Amr Salama, the director of the movie “Asmaa,” about the woman contemplating publicly admitting that she has AIDS, had never met an HIV-positive patient when he started the project seven years ago. When he began working on the film as a 28-year-old, he feared that he’d contract the virus just by coming in contact with HIV patients.
It was on a train ride back from Alexandria, where he witnessed a furtive meeting of HIV patients, that he conceived of his film, after hearing scores of stories from people seemingly just like him, and he settled on the woman the group spoke about, who’d just died. She was an average Egyptian, a cleaner at the airport, who was forced to resign when her co-workers learned that she was HIV-positive. Before she died, despite the objections of her family, she thought about going public with her struggles.
Getting funding for the project was difficult. So was finding actors. He forced those who played HIV-positive patients to meet carriers of the virus. Those who played everyday Egyptians weren’t allowed to meet carriers, to keep them in character, he said. The government almost didn’t allow him to film a scene at the airport where Asmaa’s co-workers voted that she should resign, leaving money on the floor for her out of embarrassment over what they’d done. Even once permission was granted, Salama’s crew was allowed only limited time to film.
He rewrote the script more than 30 times, he said, the storyline evolving as he learned more about the issue. At one point, he featured a homosexual character, but he cut him out at the last minute, fearing the audience couldn’t handle it. In the film, Asmaa contracts the virus from her husband, who was infected when he was raped in prison. Through all the rewrites, the end of the movie stayed the same, Salama said: Asmaa appears on television and tells the audience, “When I die, it will be because of your illness, not mine.”

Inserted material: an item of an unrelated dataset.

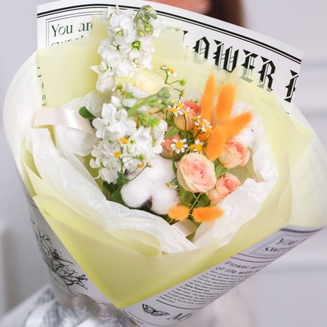 Букет ароматной маттиолы, кустовых роз, ромашек, воздушного хлопка и лагуруса в оформлении.

The first screening of the film was on Jan. 24, 2011, the day before the uprising here against the former regime of Hosni Mubarak began.
“ ‘Asmaa’ was such a discovery for me. It was about finding a character I would have never met in real life,” Salama said. “It was about society. Society was one of the main characters of the film. It was the villain.”
The movie is hard to find here. It didn’t play at major movie houses. It isn’t part of the nation’s cinema lexicon. But Salama said he was optimistic that change was coming.
“We think if we say we have a problem it will smear the image of Egypt. If we do an awareness campaign, that means we have a problem,” Salama said. “We are in a period of self-evaluation. There is a dynamic happening. You can feel it in the air.”
So far, however, there’s no change within the medical community.
At Cairo’s Imbaba Hospital, a public facility, one doctor, Amir al Masry, said HIV patients arrived there daily. Many have treated themselves incorrectly, rendering the medication ineffective. Shortages are only worse since Morsi was elected, Masry said: “There is no trust between the patient and the Ministry of Health. The patients accuse the ministry of stealing the money and the ministry accuses the patients of trying to draw sympathy.”